Endothelial Progenitor Cells Conditioned Medium Supports Number of GABAergic Neurons and Exerts Neuroprotection in Cultured Striatal Neuronal Progenitor Cells

• Published in: Cell transplantation Vol. 28; no. 4; pp. 367 - 378
• Main Authors: Santo, Stefano Di, Seiler, Stefanie, Andres, Robert, Widmer, Hans Rudolf
• Format: Journal Article
• Language: English
• Published: Los Angeles, CA SAGE Publications 01.04.2019; Sage Publications Ltd; SAGE Publishing
• Subjects: 1-Phosphatidylinositol 3-kinase; 3-Nitropropionic acid; Animals; Cell Differentiation; Cell survival; Culture Media, Conditioned - pharmacology; Embryos; Endothelial Progenitor Cells - metabolism; Fetuses; GABAergic Neurons - metabolism; Kinases; MAP kinase; Microvasculature; Neostriatum; Neural stem cells; Neurodegeneration; Neuroprotection; Original; Paracrine signalling; Progenitor cells; Protein kinase; Proteolysis; Rats; Toxicity; γ-Aminobutyric acid; GABAergic neurons; striatal cultures; paracrine factors; endothelial progenitor cells; neuroprotection
• ISSN: 0963-6897; 1555-3892
• DOI: 10.1177/0963689719835192

There is growing evidence that stem and progenitor cells exert regenerative actions by means of paracrine factors. In line with these notions, we recently demonstrated that endothelial progenitor cell (EPC)-derived conditioned medium (EPC-CM) substantially increased viability of brain microvascular cells. In the present study, we aimed at investigating whether EPC-CM supports cell survival of cultured striatal progenitor cells. For that purpose, primary cultures from fetal rat embryonic (E14) ganglionic eminence were prepared and grown for 7 days in vitro (DIV). EPC-CM was administered from DIV5–7. Treatment of the striatal cultures with EPC-CM resulted in significantly increased densities of GABA-immunoreactive (-ir) neurons.

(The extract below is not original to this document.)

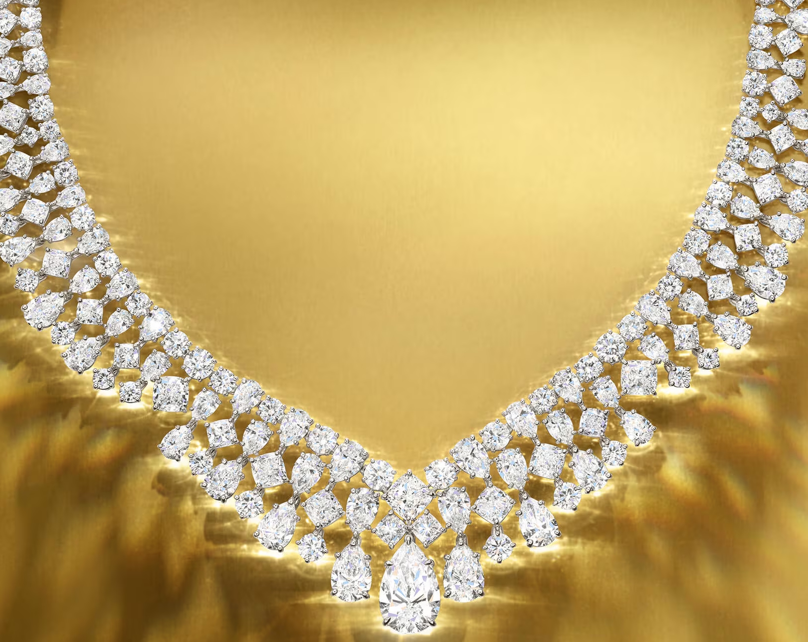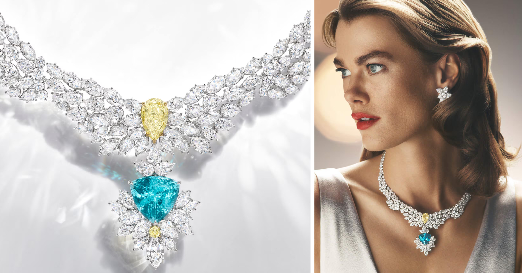 Một trong những tuyệt phẩm tiêu biểu là vòng cổ Paraiba và kim cương, với viên Paraiba tourmaline trọng lượng 16,10 carat giữ vai trò tâm điểm, được tô điểm bởi 5,01 carat kim cương vàng cùng hơn 65 carat kim cương trắng. Thiết kế này thể hiện triết lý “lấy đá quý làm linh hồn sáng tạo” – nền tảng trong tầm nhìn của Harry Winston. Nghệ thuật chế tác của Harry Winston thể hiện trong kỹ thuật nạm kim cương chính xác tuyệt đối, tạo ảo giác chuyển động mềm mại quanh cổ. Sự sắp đặt khéo léo giữa kim cương cắt marquise, quả lê, brilliant khiến chiếc vòng cổ trở thành tác phẩm nghệ thuật sống động, minh chứng cho tinh hoa trau dồi cũng như gìn giữ suốt gần một thế kỷ.

Inhibition of mitogen-activated protein kinase and phosphatidylinositol-3-kinase, but not of the ROCK pathway, significantly attenuated the EPC-CM induced increase in GABA-ir cell densities. Similar results were observed when EPC-CM was subjected to proteolytic digestion and lipid extraction. Furthermore, inhibition of translation abolished the EPC-CM induced effects. Importantly, EPC-CM displayed neuroprotection against 3-nitropropionic acid induced toxicity. These findings demonstrate that EPC-derived paracrine factors substantially promote survival and/or differentiation of cultured striatal progenitor cells involving both proteinaceous factors and lipidic factors. In sum, EPC-CM constituents might lead to a novel cell-free therapeutic strategy to challenge neuronal degeneration.